I really liked my job, but I also wanted to be in an even more technical position. I've loved math problems^[1] and puzzles since I was a kid, and I didn't even have to look for them: if I was at Starbucks and saw 14 people using a laptop, 9 (64.3%) of them being a Mac, I found myself wondering if it could be said that the number of Macs was significantly higher than the number of PCs^[2]. And I was always trying to get valuable insights from the reduced amount of sales data we had (it was a small market). I eventually realized that I wanted to dig down deeper in the data (lots of it and of all kinds!) and be able to extract unobserved patterns, infer causality through experiments, and make reliable predictions and well-informed decisions; I wanted to be a data scientist.
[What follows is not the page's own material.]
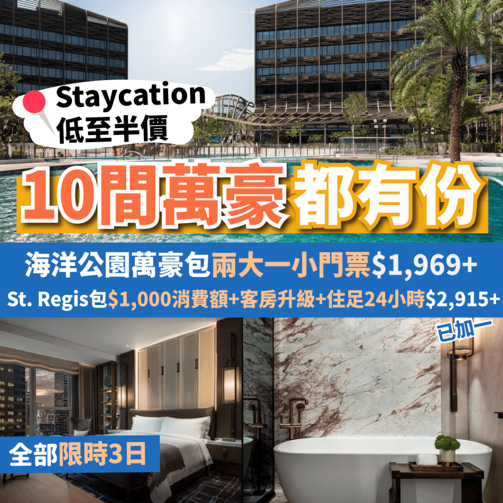 【Staycation優惠攻略】萬豪旗下酒店Staycation套票低至半價!有成10間萬豪酒店揀!St. Regis $1,000消費額+客房升級+24小時住宿,一晚連服務費$2,915起!海洋公園萬豪包兩大一小門票,一晚連服務費$1,969起!

That's why I went back to my alma mater to earn another Master's degree, this time in Statistics, and right after that another one in Data Science from UC Berkeley.

Like the "Seattle rain" problem: click here to read my solution.

It turns out that it only is at the 20% significance level. For such a small sample, 72.0% (11) of the 14 laptops would have to be Macs for their proportion to be significantly higher than 0.5 at the usual 5% level.
In any case, that sample, apart from being very small, is not representative of the whole population! With a random sample of a thousand laptops, 52.6% of Macs would be enough to say that they are significantly more prevalent than PCs at the 5% level; with a sample of a million laptops, fewer than 50.1% of Macs would be enough. If you are curious about the minimum number of positive cases—as I was—, this is the expression I obtained (click here to read how):
$$\begin{aligned} N_1 &\geq \left \lceil \frac{N}{2} \cdot \left(1 + \frac{t_{.95,N-1}}{\sqrt{N+t_{.95,N-1}^2-1}}\right) \right \rceil \\ &\simeq \left \lceil \frac{N}{2} + 0.822 \cdot \sqrt{N} \right \rceil\end{aligned}$$

What happened since I created the first version of this website, after graduating from Berkeley? In December 2016 I joined Yahoo, now Oath / Verizon Media, where I have had the opportunity to work with very talented people in many exciting projects, mainly for Web Search and also, lately, for Mail and Verizon (returning, after several years, to the telecom industry).

Portfolio

Master of Information and Data Science
University of California, Berkeley – School of Information

SmartCam

Website – Backend Code – Frontend Code

Course: Capstone
Computer Vision, Scalable, Classification – Python, OpenCV, TensorFlow, AWS (ECS, S3, DynamoDB), Flask, JavaScript, Google Charts

A scalable cloud-based video monitoring system (with motion detection, face counting, and image recognition) using Raspberry Pis. Most of the processing is done in the cloud, so the computing power of the Raspberry Pi is not a limitation.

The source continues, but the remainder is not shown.